Born in the Bronx to Bavarian immigrants and with only a high school education, Roth built Franklin National into the nation's 20th largest bank by investing in Long Island's growth. Along the way, he helped transform the industry with innovations such as credit cards, installment buying, the "full-service bank" concept, giveaways, attractive landscaped branches, parking lots and drive-up windows.

When industry rules were disadvantageous, he fought to change them, often successfully - in one instance going all the way to the U.S. Supreme Court. For most of its life, Franklin National earned more per dollar invested than any bank in the country.

Yet in 1968, Roth's own board and protg pushed him out of the picture. Six years later, the Franklin National Bank became the biggest bank failure at that point in American history. It took billions of dollars in federal money to avert international disaster. Franklin's demise changed the face of Long Island banking and altered U.S. bank regulation and global financial practices.

What brought Franklin down? Explanations range from dry statistical analyses of the economy and Franklin's own books to charges of autocracy, over-ambition, personal betrayal and international skullduggery.

Roth began his career as a 17-year-old bank messenger in the city and worked his way up to administrative duties at Manufacturer's Trust. Wanting to move to Long Island, he became the cashier at Franklin Square National Bank in 1934, joining four other employees.

He later described it as "an almost perfect example of what was wrong with American banking in the 1920s." It was located in a tiny village with no industry, little commerce, no railroad station, by "founders ignorant of professional banking." His challenge was to rescue the nearly insolvent bank.

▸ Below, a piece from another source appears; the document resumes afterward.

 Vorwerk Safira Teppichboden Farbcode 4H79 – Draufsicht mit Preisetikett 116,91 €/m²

Roth began by "saving" many near-default loans with an early form of installment buying. He took the role of community banking seriously and provided neighborhood meeting rooms, a speaker's bureau, annual reports, internships for high school students, Christmas pageants, lollipops for children. His was one of the first banks to introduce consumer and FHA-backed loans. Roth created credit cards for local shopping, so small merchants could compete with the department stores that were offering charge accounts.

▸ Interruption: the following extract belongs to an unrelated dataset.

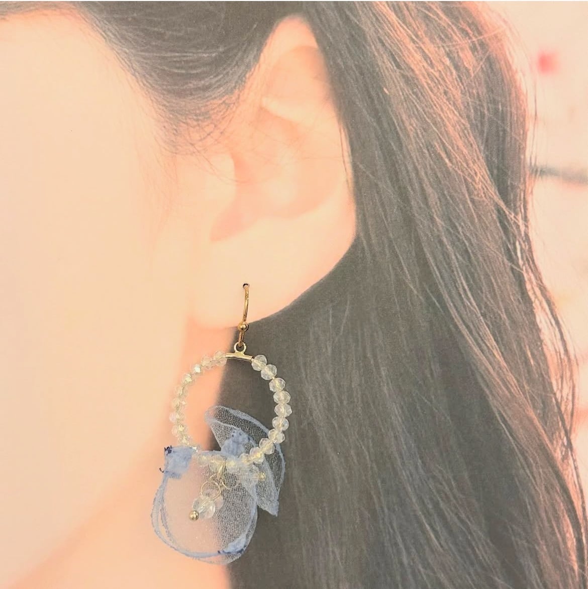 手作りの温もりを感じられるドットフラワーレースとエレガントなガラスフープの組み合せが素敵なイヤリングです。柔らかな花びらのようなレースが耳元を華やかに演出します。デニムスタイルにも馴染むさわやかなブルー。優雅なデザインが印象的なアクセサリーです。

In the 1950s, when banks were still confined to their own counties, Franklin financed much of the region's new commercial development, says Jerry Kessler, who then worked for Meadow Brook National Bank and is now president of Friends for Long Island's Heritage. Roth introduced aggressive promotion techniques to the stodgy world of banking.

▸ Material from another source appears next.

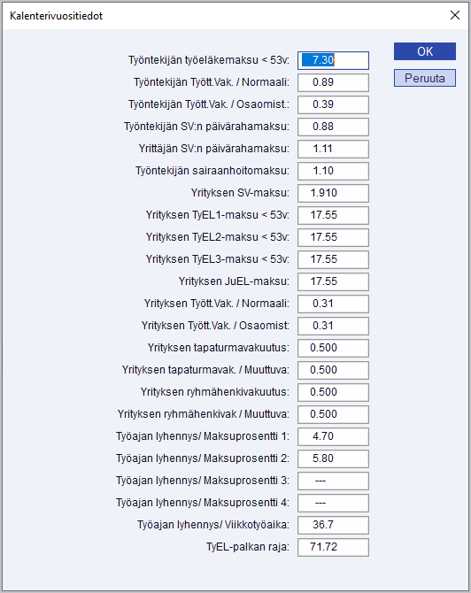 Tällä valinnalla määritellään vuosittaiset kalenterivuositiedot, esimerkiksi työeläkemaksu-, työttömyysvakuutus, SV-maksuprosentit.

"He once hung a Grumman Goose airplane in the bank lobby," accompanied by a card that explained how the bank would finance the purchase, Kessler recalls. Ahead of his time in many ways, Roth banned smoking in Franklin buildings, refused to sell lottery tickets and hired the handicapped.

Roth started expanding as Long Island grew, ultimately merging with 19 other banking chains to operate more than 100 domestic offices, including one third of all Nassau County commercial banks. But in 1960, despite Roth's fierce opposition, the state passed a law allowing banks to open branches in other counties, and New York powerhouses promptly invaded prosperous Nassau. Roth riposted by opening New York City branches. In 1967, Franklin merged with the 13- branch Federation Bank & Trust, setting the stage for disaster.

The mid-60s were tough years for the American economy, and Franklin had become less profitable. Harold V. Gleason, a PR executive who'd risen to become president under Roth, the chairman and CEO, led a group of board members in a palace revolt. Roth was made a powerless figurehead for two years, and in 1970, his name was omitted from the directors' nomination list. He was out.

"He was crushed," recalls Kessler. "He said, 'I always treated Harold like a son.'" To support the bank, Roth put a positive face on events and announced a slightly premature retirement.

Soon the bank was heavily invested in overseas ventures, and its fortunes began to slide. In 1972, Michele Sindona, an Italian financier with reputed connections to the Mafia and Vatican banking, bought controlling interest in Franklin. Sindona siphoned off money and led the bank into massive losses in the foreign exchange markets and ever-riskier attempts to recoup.

When other banks refused to deal with Franklin, the Federal Reserve Bank kept the bank afloat with $2.8 billion in credits. Finally, in October 1974, the desirable assets were sold to the highest bidder: European American Bank, a consortium of powerful banks centered in the Netherlands. The FDIC took a $2 billion load of loans and receivables, and the stockholders, Roth included, lost everything.